Computer science is the study of processes that interact with data and that can be represented as data in the form of programs. It enables the use of algorithms to manipulate and communicate digital information. A computer scientist studies the theory of computation and the practice of designing software systems, its fields can be divided into practical disciplines. Computational complexity theory is abstract, while computer graphics emphasizes real-world applications. Programming language theory considers approaches to the description of computational processes, while computer programming itself involves the use of programming languages and complex systems. Human–computer interaction considers the challenges in making computers useful and accessible; the earliest foundations of what would become computer science predate the invention of the modern digital computer. Machines for calculating fixed numerical tasks such as the abacus have existed since antiquity, aiding in computations such as multiplication and division.

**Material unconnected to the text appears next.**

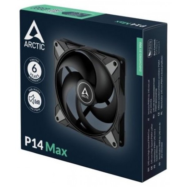Como característica especial, el P14 Max está equipado con el rodamiento hidrodinámico de eficacia probada de ARCTIC. Esto permite el funcionamiento prácticamente silencioso a bajas velocidades que los clientes han estado solicitando. A máxima velocidad, se garantiza un rendimiento excepcional. Aunque estos rodamientos tienden a desgastarse, ARCTIC no compromete la durabilidad y ofrece una garantía de 6 años.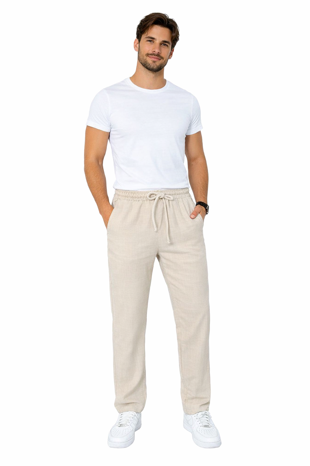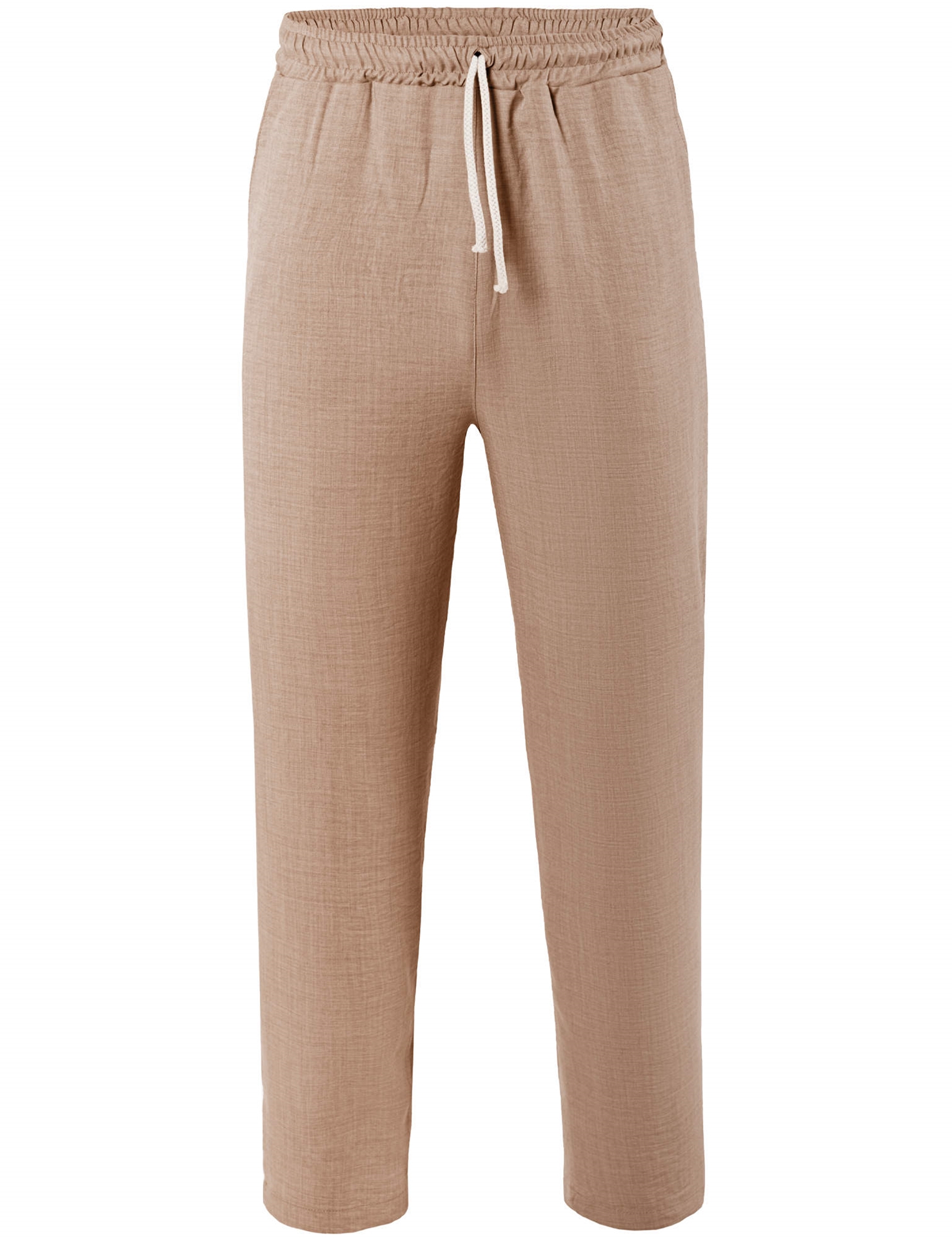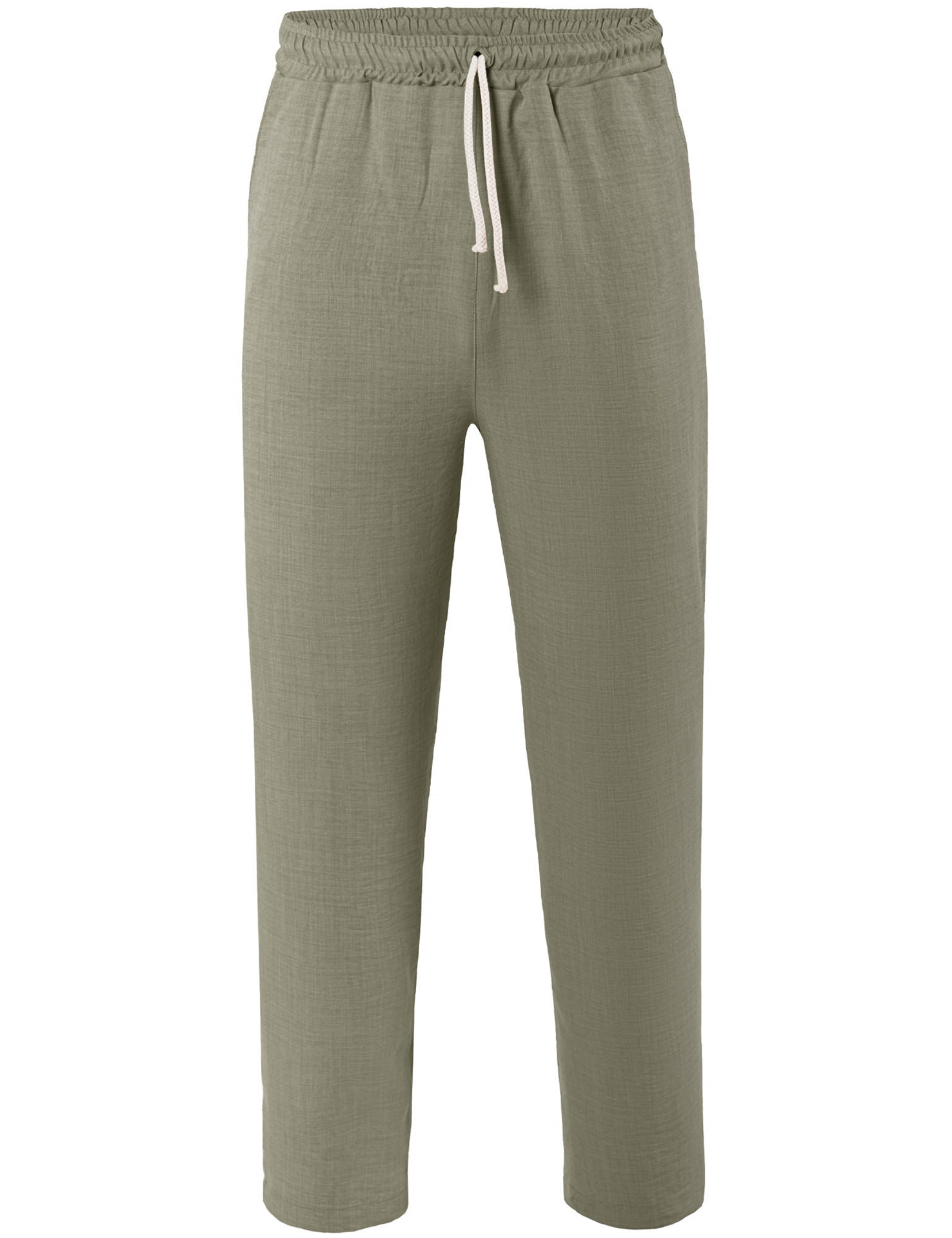 Unisex παντελόνα με λάστιχο στη μέση και κορδόνι, 2 κοφτές τσέπες στα πλαϊνά και 2 εξωτερικές τσέπες πίσω με κουφωτές πιέτες. Βάρος:140gsm | Σύνθεση:100% polyester αναπνέον. “air washed linen look".

Algorithms for performing computations have existed since antiquity before the development of sophisticated computing equipment. Wilhelm Schickard designed and constructed the first working mechanical calculator in 1623. In 1673, Gottfried Leibniz demonstrated a digital mechanical calculator, called the Stepped Reckoner, he may be considered the first computer scientist and information theorist, among other reasons, documenting the binary number system. In 1820, Thomas de Colmar launched the mechanical calculator industry when he released his simplified arithmometer, the first calculating machine strong enough and reliable enough to be used daily in an office environment. Charles Babbage started the design of the first automatic mechanical calculator, his Difference Engine, in 1822, which gave him the idea of the first programmable mechanical calculator, his Analytical Engine, he started developing this machine in 1834, "in less than two years, he had sketched out many of the salient features of the modern computer".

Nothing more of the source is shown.